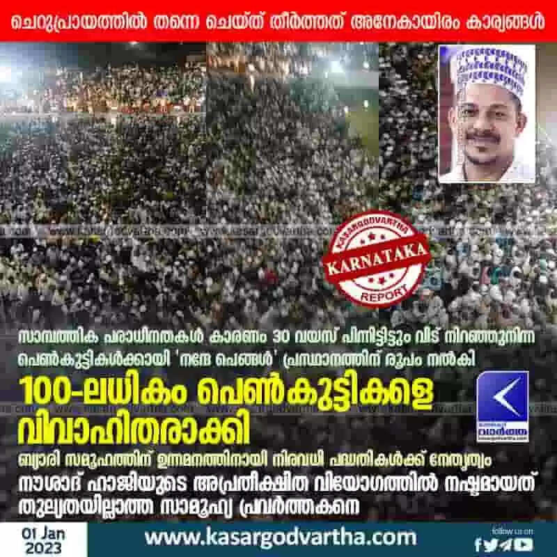 Naushad Haji | സാമ്പത്തിക പരാധീനതകള് കാരണം 30 വയസ് പിന്നിട്ടിട്ടും വീട് നിറഞ്ഞുനിന്ന പെണ്കുട്ടികള്ക്കായി 'നന്ദേ പെങ്ങള്' പ്രസ്ഥാനത്തിന് രൂപം നല്കി; 100-ലധികം പെണ്കുട്ടികളെ വിവാഹിതരാക്കി; ബ്യാരി സമൂഹത്തിന് ഉന്നമനത്തിനായി നിരവധി പദ്ധതികള്ക്ക് നേതൃത്വം; നൗശാദ് ഹാജിയുടെ അപ്രതീക്ഷിത വിയോഗത്തില് നഷ്ടമായത് തുല്യതയില്ലാത്ത സാമൂഹ്യ പ്രവര്ത്തകനെ
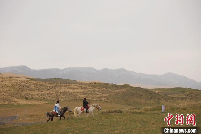图为民众在青海湖北岸的山坡上骑马。张添福 摄
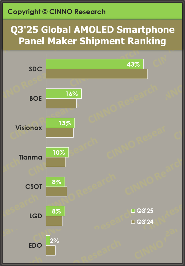 根据CINNOResearch统计数据显示,2025年第三季度全球AMOLED智能手机面板出货量约2.5亿片,同比增长11.7%,环比增长20.3%,实现同比与环比双增长,市场景气度持续回升。国内面板厂商维信诺(002387)三季度出货量同比增长16.7%,出货量排名位居全球第三。
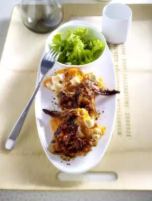 Take the wings out of the oven, turn them over and brush with the rest of the marinade. Slide onto the lower rail of the oven. Slide the potatoes over the chicken wings in the hot oven and bake for 15-20 minutes. If necessary, change the grid and tray in the last 5 minutes. Serve with a green salad
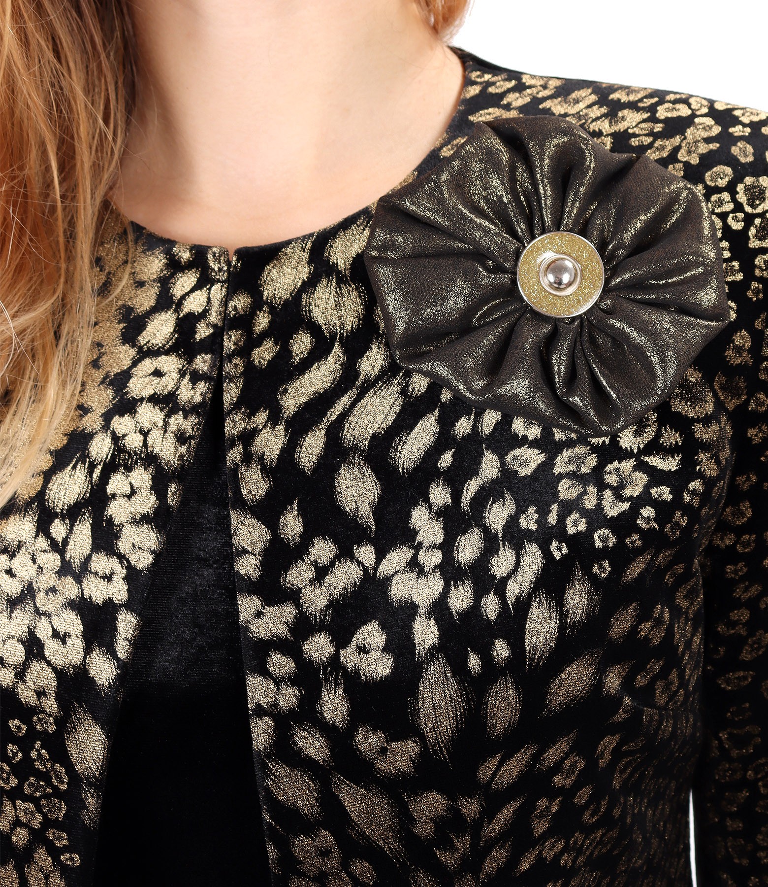Bolero din catifea elastica imprimata cu brosa detasabila
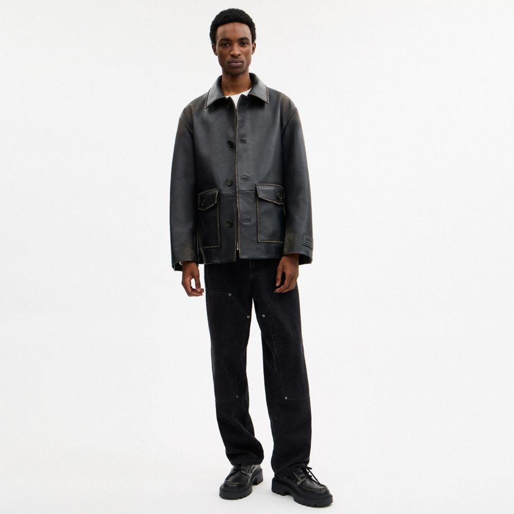 実用的なスタイルを高めた、リッチなレザーのシャツジャケット。手作業でディストレス加工を施して、使い込んだような風合いに仕上げました。
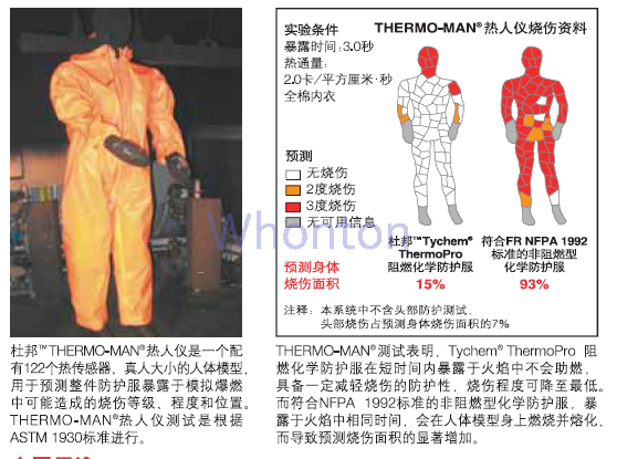 3、暴露在火焰中時(shí),Tychem ThermoPro防護(hù)服是阻燃的,增加了從爆燃中逃生的時(shí)間;
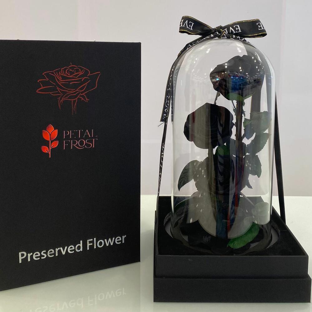 Смелый, элегантный и неподвластный времени — наш «Вечный таинственный купол» украшен тремя настоящими стабилизированными чёрными розами, заключёнными в высококачественный стеклянный купол. Эти розы символизируют силу, мощь и вечную любовь, сохраняя красоту до двух лет без какого-либо ухода. Идеальный роскошный подарок для ценителя уникальности и изысканности. Подходит для: чёрных стабилизированных роз, вечных роз, подарка под стеклянным куполом, роскошных стабилизированных цветов, вечных роз, роз с длительным сроком хранения.
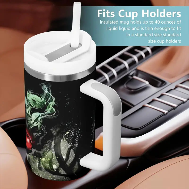 - Design: Features a gripping, dark-themed artwork that wraps seamlessly around the tumbler, creating a visual intrigue that distinguishes it from ordinary drinkware.
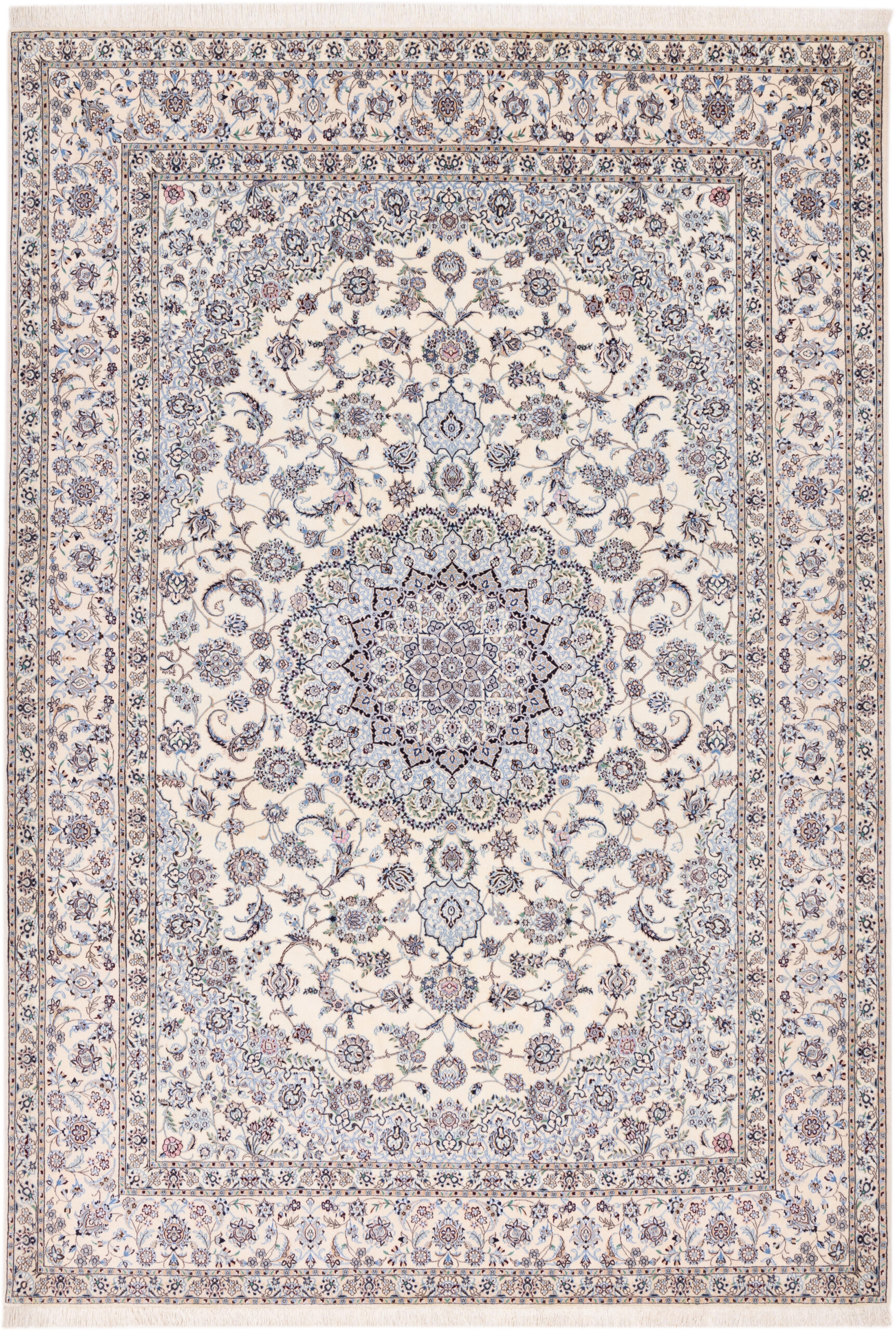 Nain aus hochwertiger persischer Schurwolle und Natur-Seide, handgeknüpft auf Baumwolle. Zentriertes Medaillon Design auf creme-weißen Grund, sowie einer creme-weißen Bordüre.
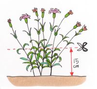 ダイアンサスの仲間は、高温が苦手です。高温期に入る前の梅雨の間に、切り戻しを行ないます。草丈15cmぐらいの位置で短く切り戻しましょう。このとき、必ず下葉が多数あることを確認してから、切り戻します。下葉が少ないと、光合成してもあまり栄養をつくることができず、枯死に至ることがあるので、注意しましょう。切り戻し後、新芽が吹いた状態で夏を乗り越えられれば、秋には美しい花を再び咲かせてくれます。
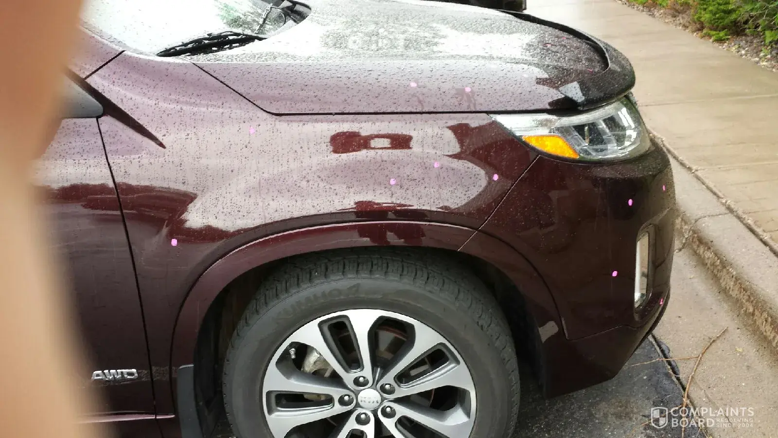 I have a 2014 KIA Sorento that has paint chips all over it. I even have some on the roof. I took it back to the dealer and they are saying it is paint chips. I am wondering how you get paint chips on the roof? The dealer did paint the hood for me as that was really bad over 50+ chips. The hood seems to be holding up much better then the factory paint job. Because of this it is safe to say that KIA does have a paint issue going on and needs to take responsibility for it. I took my SUV to a none bias auto repair shop. They stated the paint is water base paint and is painted on very thin. For this reason the paint will easily chip and fade. So far KIA is not taking responsibility for this but the dealers are trying to help some. But only if you have a fairly new vehicle and are considered a good customer. I do appreciate what the dealer did but feel that KIA needs to do a Recall and correct the paint issue on all KIA vehicles. I have attached pictures. The pink dots is the location of the chips that I could find easily in a 30 minute time frame.

» EXERCISE DIRECTIONS:
Give again, word for word, the lines above from the first one through the one containing "3、暴露在火焰中時(shí)"; no pictures.

» WRITTEN ANSWER:
 Naushad Haji | സാമ്പത്തിക പരാധീനതകള് കാരണം 30 വയസ് പിന്നിട്ടിട്ടും വീട് നിറഞ്ഞുനിന്ന പെണ്കുട്ടികള്ക്കായി 'നന്ദേ പെങ്ങള്' പ്രസ്ഥാനത്തിന് രൂപം നല്കി; 100-ലധികം പെണ്കുട്ടികളെ വിവാഹിതരാക്കി; ബ്യാരി സമൂഹത്തിന് ഉന്നമനത്തിനായി നിരവധി പദ്ധതികള്ക്ക് നേതൃത്വം; നൗശാദ് ഹാജിയുടെ അപ്രതീക്ഷിത വിയോഗത്തില് നഷ്ടമായത് തുല്യതയില്ലാത്ത സാമൂഹ്യ പ്രവര്ത്തകനെ
图为民众在青海湖北岸的山坡上骑马。张添福 摄
 根据CINNOResearch统计数据显示,2025年第三季度全球AMOLED智能手机面板出货量约2.5亿片,同比增长11.7%,环比增长20.3%,实现同比与环比双增长,市场景气度持续回升。国内面板厂商维信诺(002387)三季度出货量同比增长16.7%,出货量排名位居全球第三。
 Take the wings out of the oven, turn them over and brush with the rest of the marinade. Slide onto the lower rail of the oven. Slide the potatoes over the chicken wings in the hot oven and bake for 15-20 minutes. If necessary, change the grid and tray in the last 5 minutes. Serve with a green salad
Bolero din catifea elastica imprimata cu brosa detasabila
 実用的なスタイルを高めた、リッチなレザーのシャツジャケット。手作業でディストレス加工を施して、使い込んだような風合いに仕上げました。
 3、暴露在火焰中時(shí),Tychem ThermoPro防護(hù)服是阻燃的,增加了從爆燃中逃生的時(shí)間;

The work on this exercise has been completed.